[[ Recorded information, beginning ]]
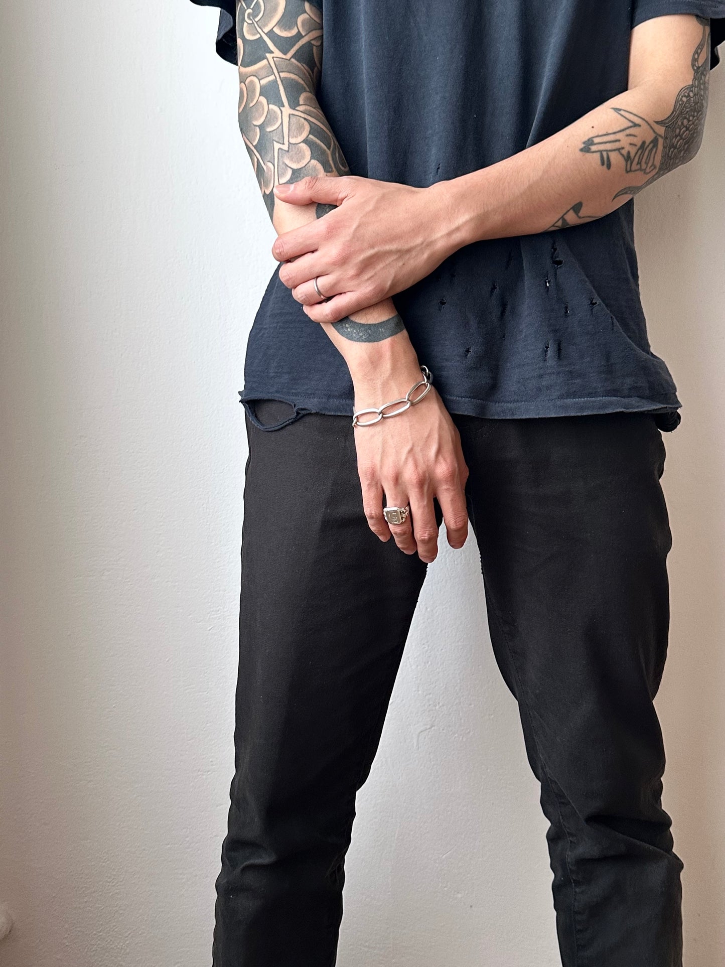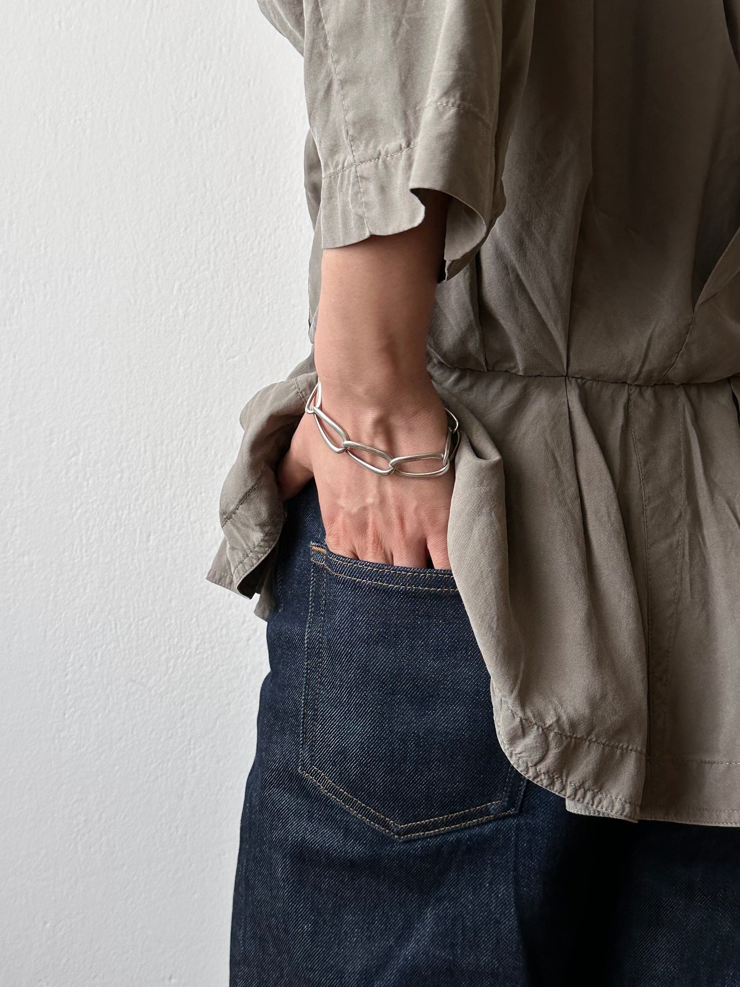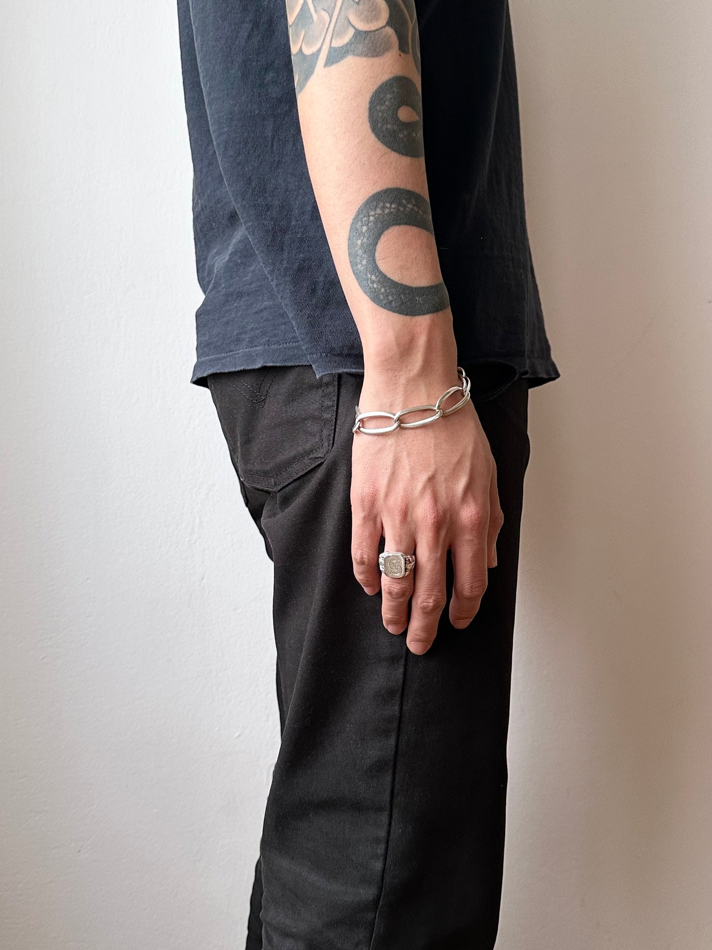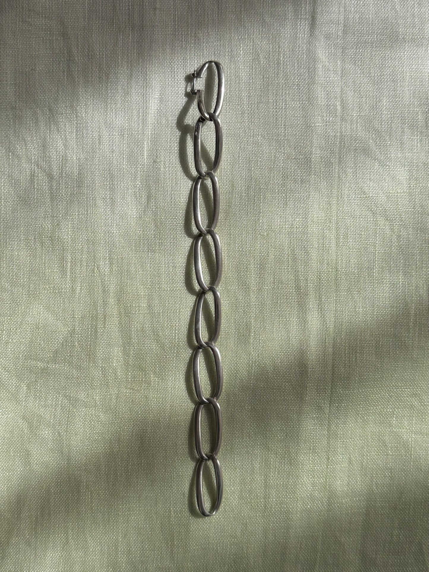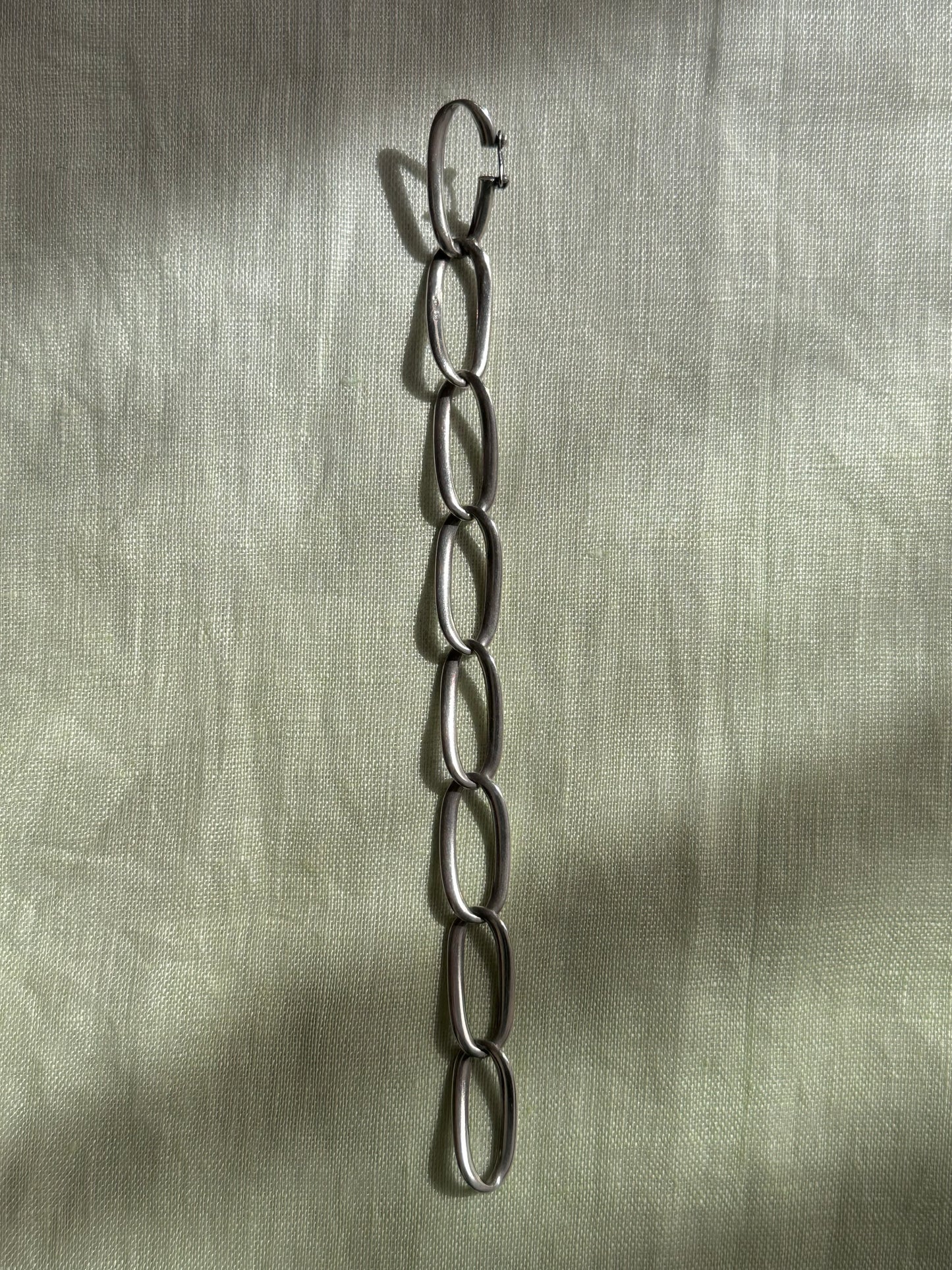 細身で大きめなオーバルパーツのチェーンは手首につけると真価を発揮します。
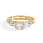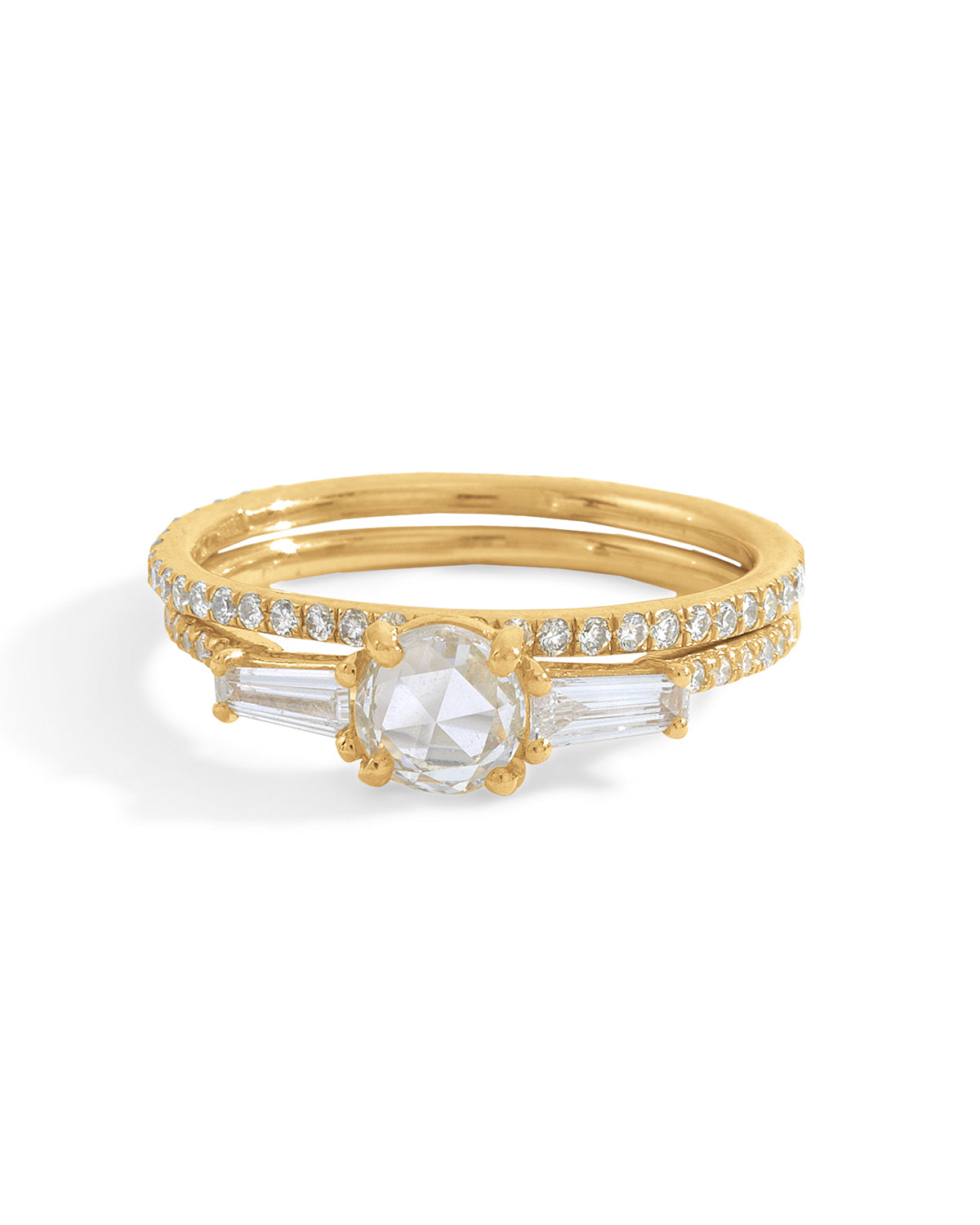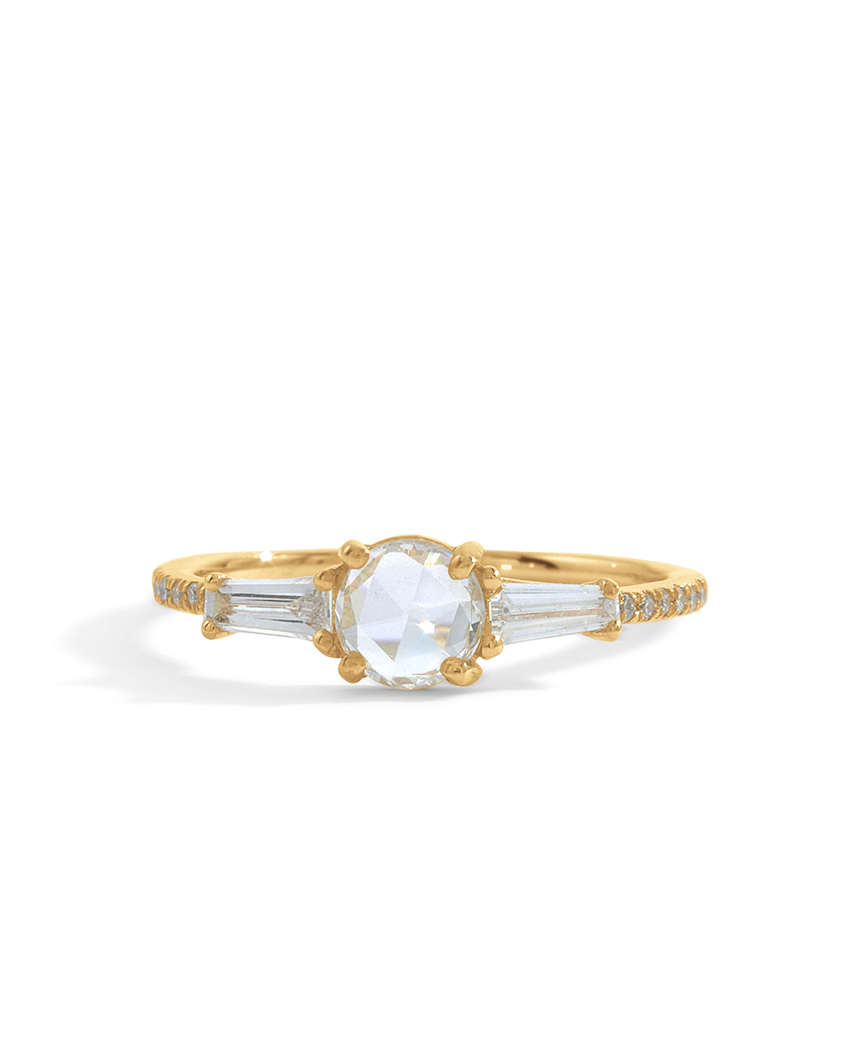 - 5mm rosecut white center diamond, two 4.4mm x 2.5 - 1.5mm tapered white baguette diamonds at either side and tiny white diamonds set pavé on the band
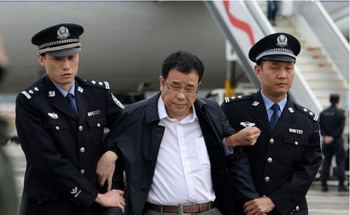 5月9日,在北京首都国际机场,李华波(中)被押解下飞机。当日,在中央反腐败协调小组的统一部署下,潜逃新加坡4年之久的江西省鄱阳县财政局经济建设股原股长李华波被遣返回国。这是“天网”行动开展以来职务犯罪国际追逃追赃专项行动取得的重要战果,也是公开曝光百名外逃人员后遣返的重要案犯。李华波,国际刑警组织红色通缉令号码A-1256/2-2011。新华社记者陈晔华摄
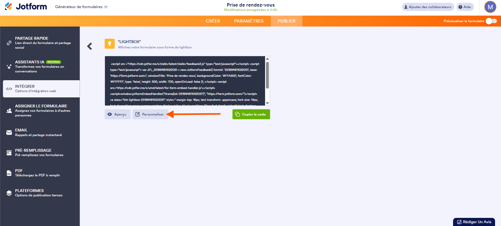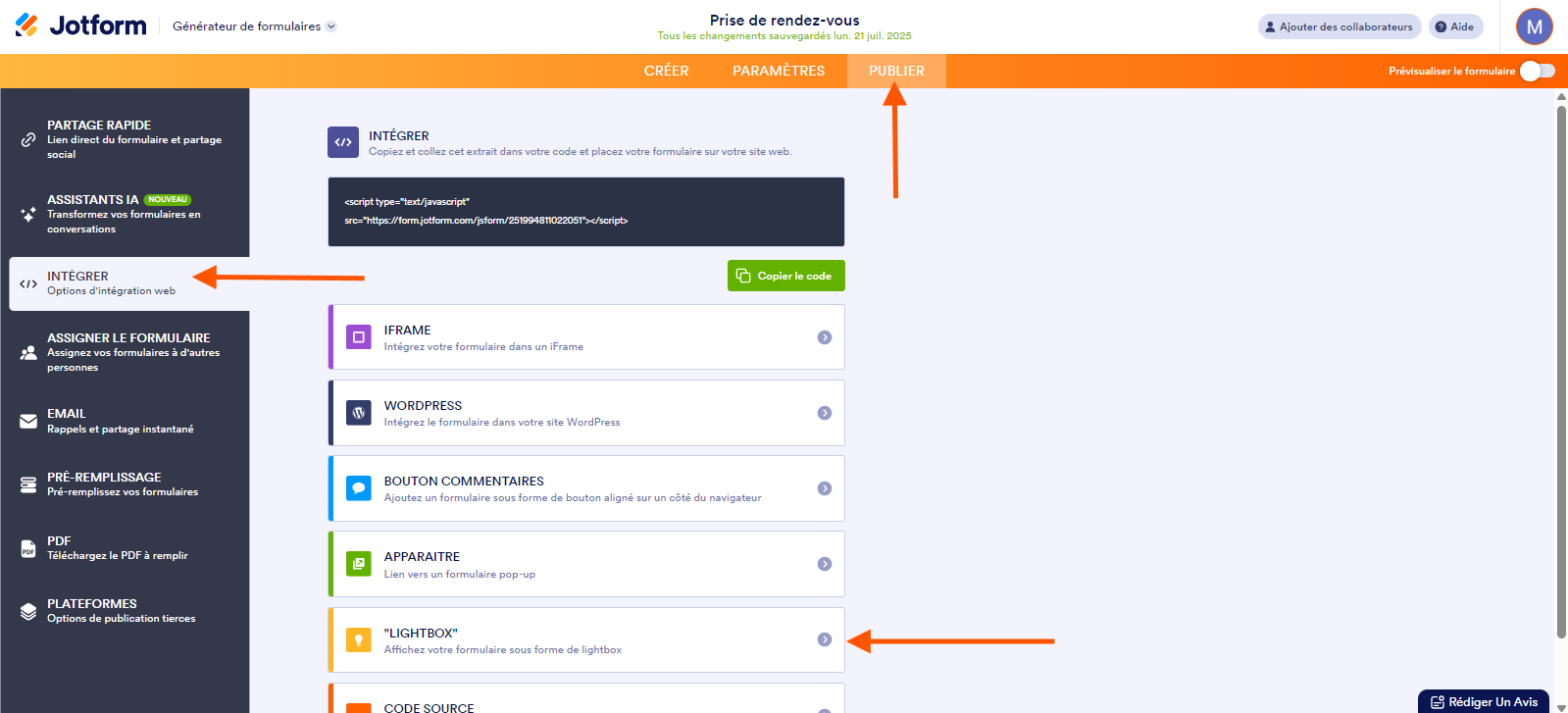 Obtenir les codes d’intégration Lightbox
[[ Recorded information, end ]]
§ **What you are asked to do**: Would you return the whole listing exactly, without the pictures?

§ **Result for this task**:
 細身で大きめなオーバルパーツのチェーンは手首につけると真価を発揮します。
 - 5mm rosecut white center diamond, two 4.4mm x 2.5 - 1.5mm tapered white baguette diamonds at either side and tiny white diamonds set pavé on the band
 5月9日,在北京首都国际机场,李华波(中)被押解下飞机。当日,在中央反腐败协调小组的统一部署下,潜逃新加坡4年之久的江西省鄱阳县财政局经济建设股原股长李华波被遣返回国。这是“天网”行动开展以来职务犯罪国际追逃追赃专项行动取得的重要战果,也是公开曝光百名外逃人员后遣返的重要案犯。李华波,国际刑警组织红色通缉令号码A-1256/2-2011。新华社记者陈晔华摄
 Obtenir les codes d’intégration Lightbox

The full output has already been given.